**EXERCISE INSTRUCTIONS:**
Your output should be the lines below from the one with "Details • Size" through the one with "[제주교통복지신문 김강석 기자]", copied exactly, pictures excluded.

-*-

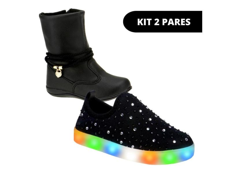 O menor preço encontrado no Brasil para Kit 2 Bota e Tênis Led Feminino Infantil de Menina Escolar-Feminino atualmente é R$ 209,82.
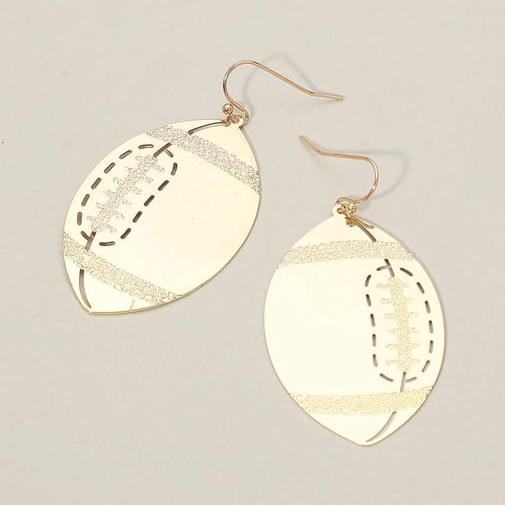 Details • Size : 1.25" X 2.3" • Fish Hook Back • Show your team spirit in style with these football cutout dangle earrings. Designed with a sleek openwork pattern that highlights the iconic ball shape, they bring a sporty yet chic vibe to your outfit. Perfect for game days, tailgates, or gifting to any football enthusiast. • Lead and Nickel Compliant • Brass
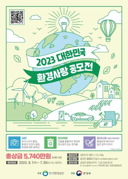 [제주교통복지신문 김강석 기자] 환경부 산하 한국환경공단(이사장 안병옥)은 ‘2023 대한민국 환경사랑공모전’을 개최한다. `대한민국 환경사랑공모전`은 국내 최초의 ‘정크아트공모전(2006년)과 22년 역사의 ’환경보전홍보대상(1996년)‘을 2013년부터 통합하여 매년 개최하고 있는 국내 최대 규모의 환경 분야 공모전이다.
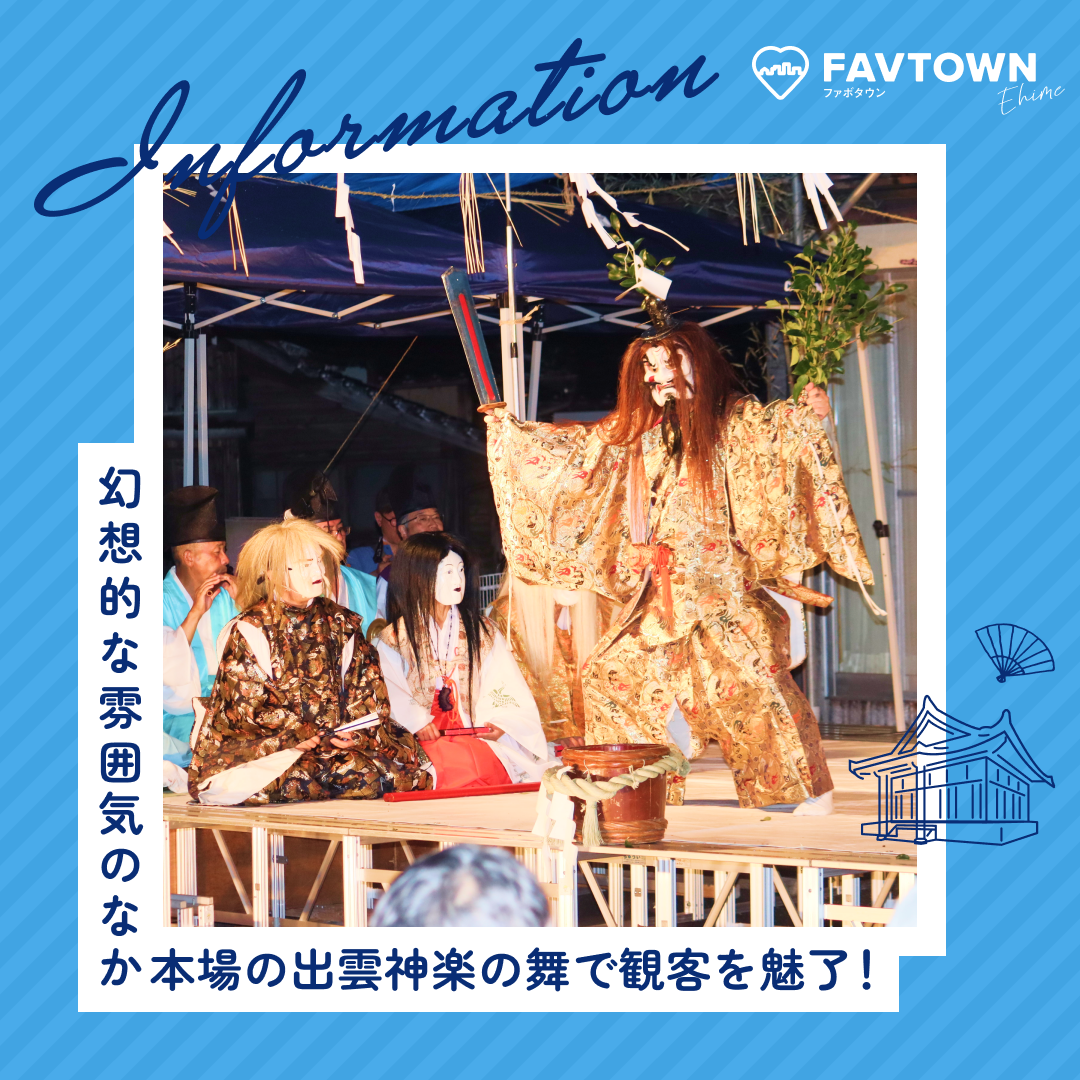 今年度は、地元の富母里神楽保存会のほか、特別公演として島根県出雲市より万九千社立虫神社神楽保存会が出演! |
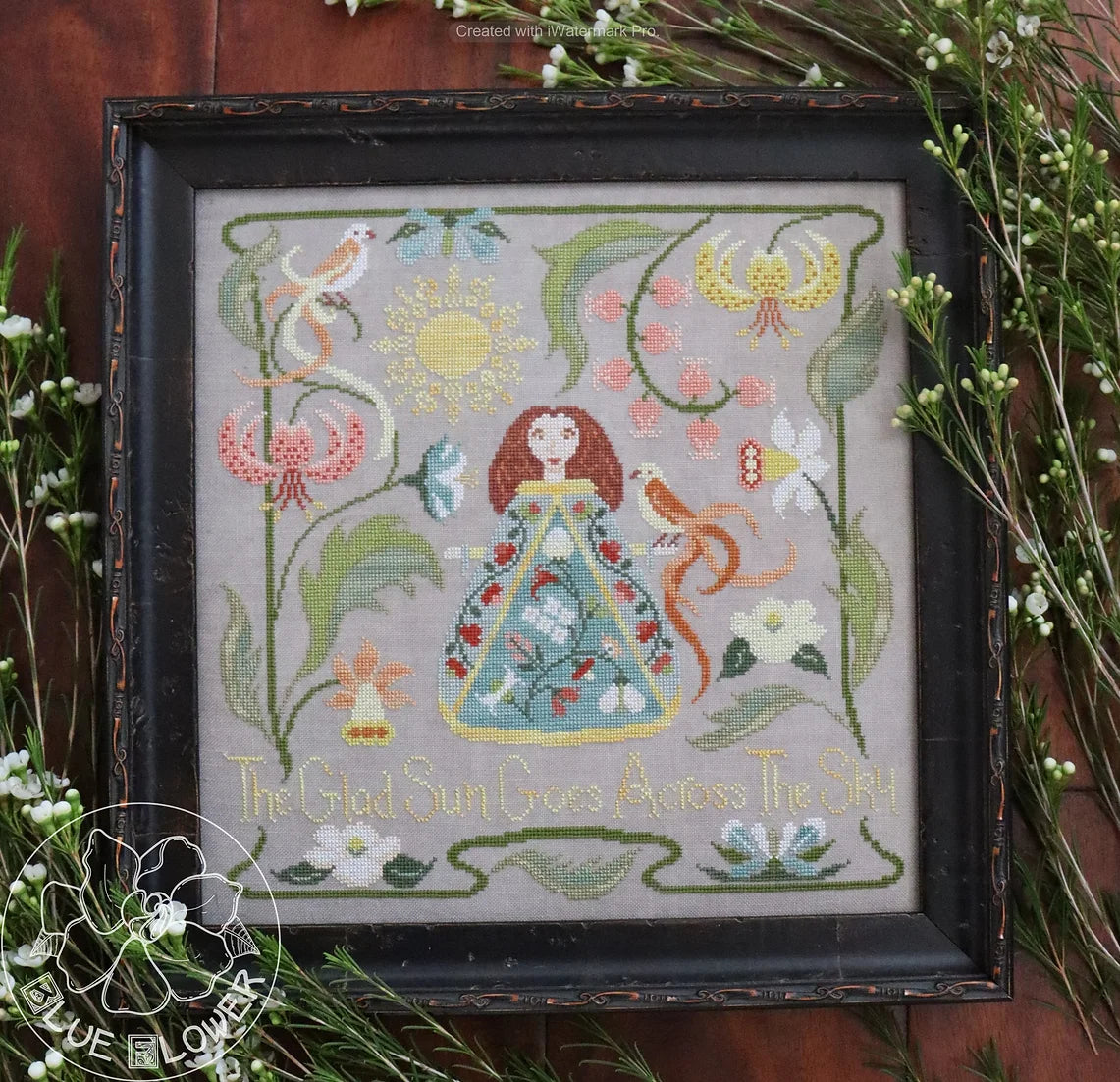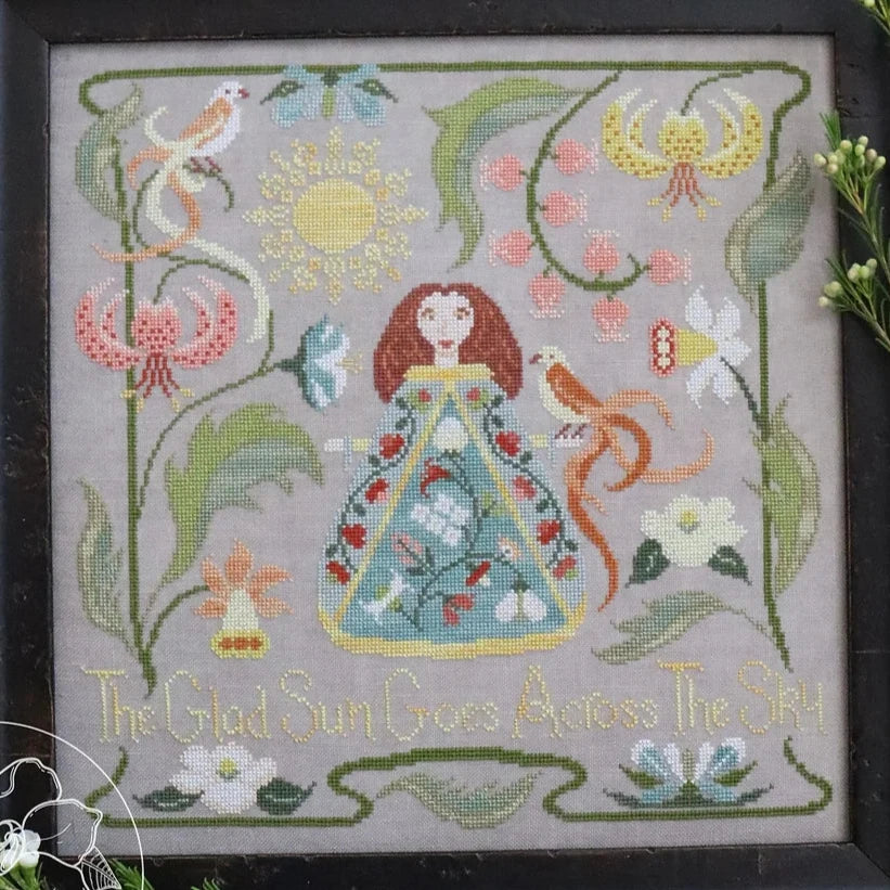 This printed cross stitch pattern by The Blue Flower features a lovely scene full of flowers and birds with "The glad sun goes across the sky". As stitched, it uses Classic Colorworks, Weeks Dye Works, and DMC floss.
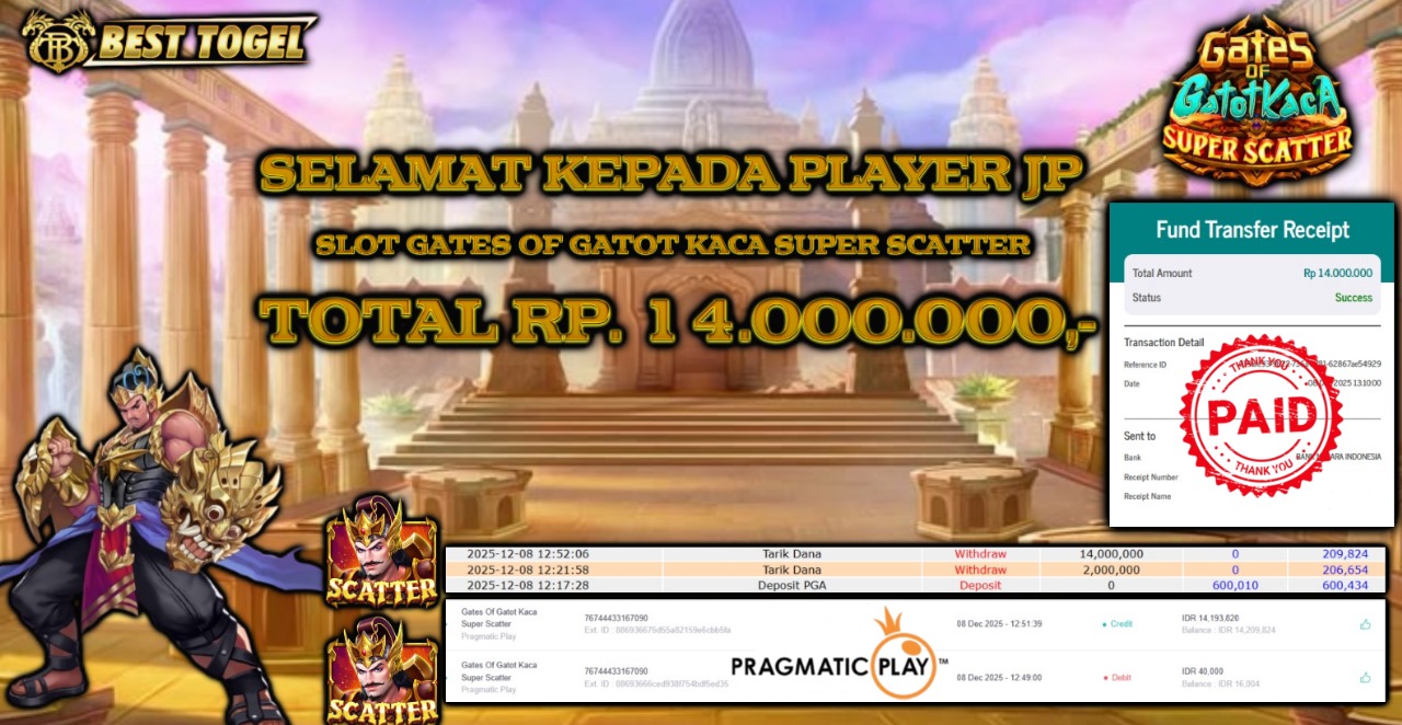 Selamat kepada User id : GTS****** Telah berhasil mendapatkan kemenangan besar pada permainan SLOT GATES GATOT KACA SUPER SCATTER   dengan total kemenangan Sebesar Rp. 14.000.000 ,- Setelah mengisi formulir withdraw dengan kurung waktu hanya 5 – 10 menit pihak  BESTTOGEL sudah melakukan transfer kepada pemilik Userid dan dana sudah dapat di cairkan oleh pemenang. Bukti pembayaran yang kami berikan merupakan bukti pembayaran yang SAH / VALID yang langung di dapatkan melaui tanda transfer transaksi dari Bank yang di tuju.
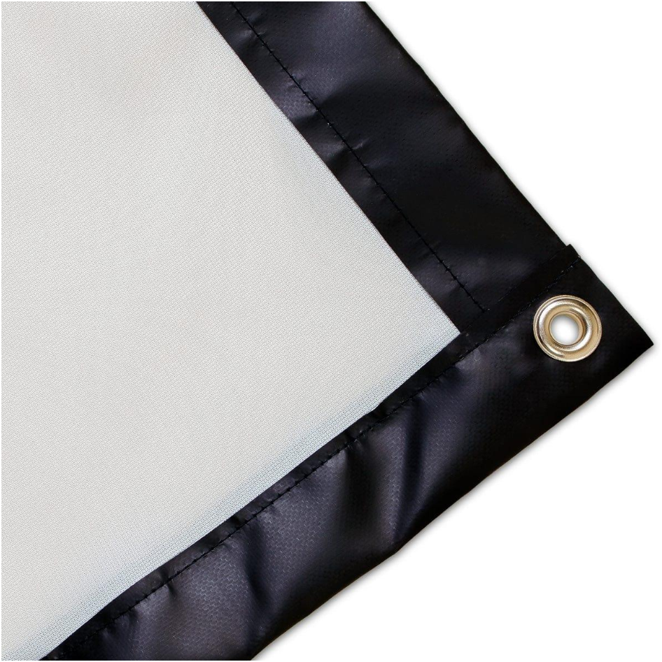 The SIMDIY Premium Golf Simulator Impact Screen transforms any room into a high-performance practice bay. It’s built from ballistic‑grade woven polyester that withstands high‑speed shots. The crisp white surface delivers sharp, immersive visuals and supports various aspect ratios to match your projector setup. With reinforced vinyl borders and 3/8″ grommets, the screen hangs with ease. You simply thread bungees or zip‑ties through the grommets for quick setup, no tools or framing hassle needed.
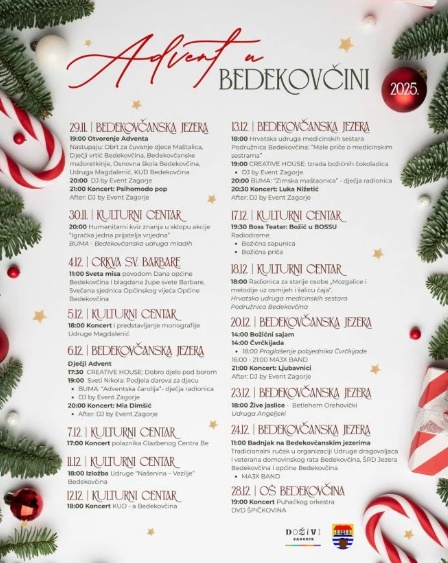 Treća adventska subota, 13. prosinca, donosi Advent dobre energije. Hrvatska udruga medicinskih sestara priprema program 'Male priče o medicinskim sestrama’, dok Bedekovčanska udruga mladih organizira dječju zimsku maštaonicu. Večer završava velikim koncertom Luke Nižetića.
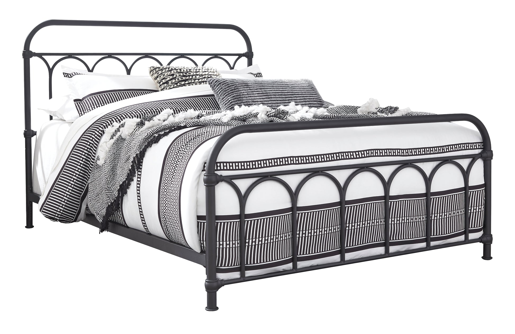 Looking to bring back a sense of bygone charm? Dream it, live it with this queen metal bed. Matte black frame with moulded "fittings" brilliantly mimics wrought-iron beds from yesteryear for a look that’s perfect for your modern farmhouse or cottage-quaint escape.

-*-

**ANSWER TO THE EXERCISE:**
 Details • Size : 1.25" X 2.3" • Fish Hook Back • Show your team spirit in style with these football cutout dangle earrings. Designed with a sleek openwork pattern that highlights the iconic ball shape, they bring a sporty yet chic vibe to your outfit. Perfect for game days, tailgates, or gifting to any football enthusiast. • Lead and Nickel Compliant • Brass
 [제주교통복지신문 김강석 기자] 환경부 산하 한국환경공단(이사장 안병옥)은 ‘2023 대한민국 환경사랑공모전’을 개최한다. `대한민국 환경사랑공모전`은 국내 최초의 ‘정크아트공모전(2006년)과 22년 역사의 ’환경보전홍보대상(1996년)‘을 2013년부터 통합하여 매년 개최하고 있는 국내 최대 규모의 환경 분야 공모전이다.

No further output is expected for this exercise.